#### [Task statement]
Using the listing below, output only the lines from the one that contains "Century GF2024 1/4" through the one that contains "Brian指出在酒店兼職炒散", inclusive, exactly as given and without images.

#### [Given records]
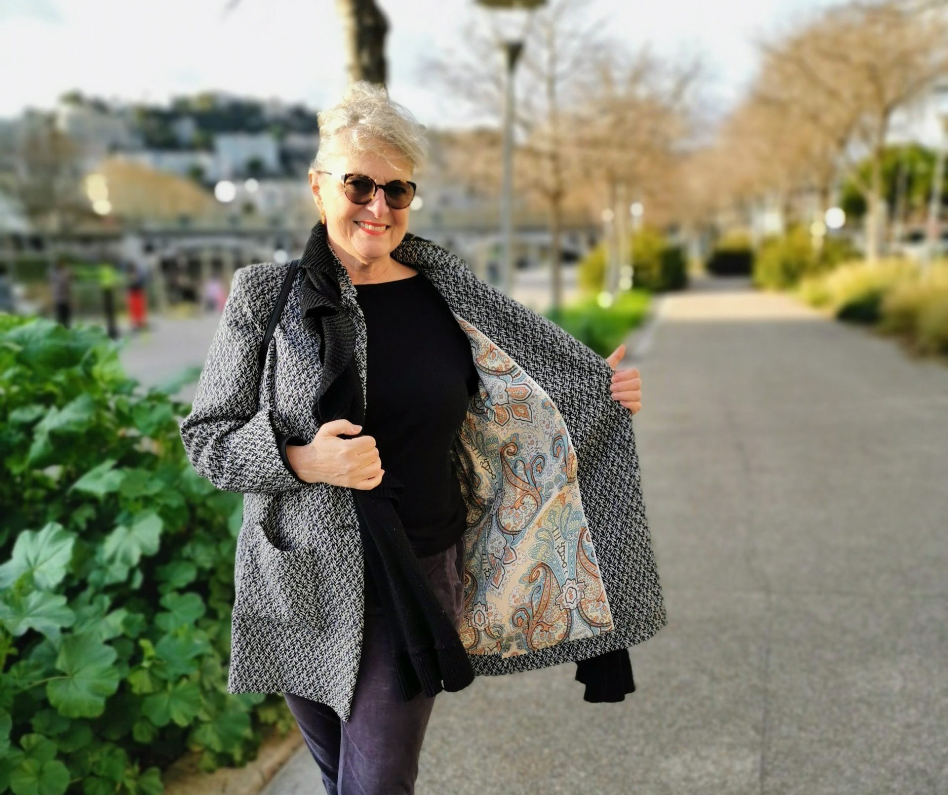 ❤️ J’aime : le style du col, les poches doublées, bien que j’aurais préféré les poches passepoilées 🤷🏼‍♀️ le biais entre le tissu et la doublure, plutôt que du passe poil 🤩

...

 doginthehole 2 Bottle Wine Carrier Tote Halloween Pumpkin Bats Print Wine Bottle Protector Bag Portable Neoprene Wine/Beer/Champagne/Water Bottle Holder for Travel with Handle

==

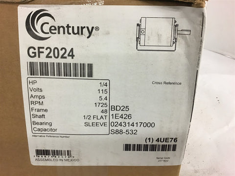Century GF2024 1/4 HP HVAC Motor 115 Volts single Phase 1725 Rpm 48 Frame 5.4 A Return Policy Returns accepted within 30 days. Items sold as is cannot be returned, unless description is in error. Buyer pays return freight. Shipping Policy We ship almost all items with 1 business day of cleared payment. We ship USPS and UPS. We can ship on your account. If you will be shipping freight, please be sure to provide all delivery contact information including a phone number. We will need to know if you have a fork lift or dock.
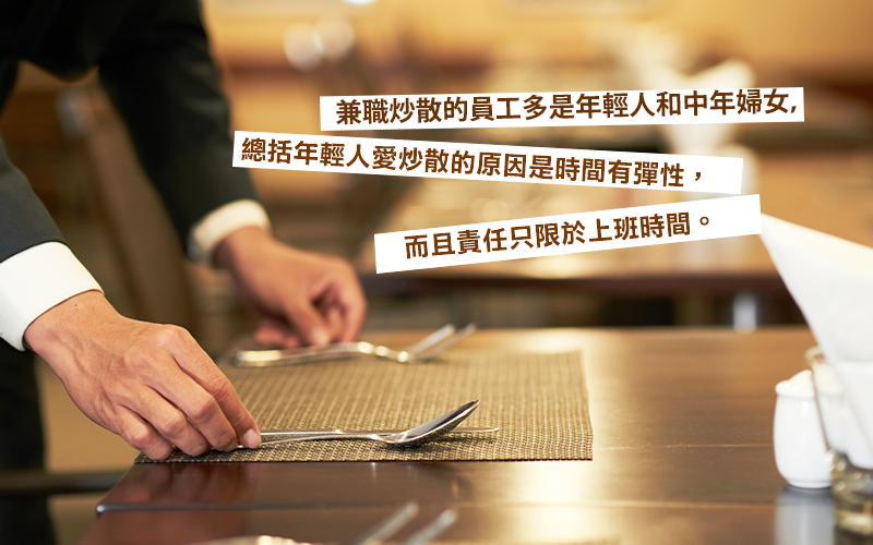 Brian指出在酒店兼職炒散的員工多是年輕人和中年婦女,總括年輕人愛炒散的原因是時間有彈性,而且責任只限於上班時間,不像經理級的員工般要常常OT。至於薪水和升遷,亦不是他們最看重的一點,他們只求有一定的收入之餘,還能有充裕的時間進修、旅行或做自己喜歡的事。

#### [Exercise result]
Century GF2024 1/4 HP HVAC Motor 115 Volts single Phase 1725 Rpm 48 Frame 5.4 A Return Policy Returns accepted within 30 days. Items sold as is cannot be returned, unless description is in error. Buyer pays return freight. Shipping Policy We ship almost all items with 1 business day of cleared payment. We ship USPS and UPS. We can ship on your account. If you will be shipping freight, please be sure to provide all delivery contact information including a phone number. We will need to know if you have a fork lift or dock.
 Brian指出在酒店兼職炒散的員工多是年輕人和中年婦女,總括年輕人愛炒散的原因是時間有彈性,而且責任只限於上班時間,不像經理級的員工般要常常OT。至於薪水和升遷,亦不是他們最看重的一點,他們只求有一定的收入之餘,還能有充裕的時間進修、旅行或做自己喜歡的事。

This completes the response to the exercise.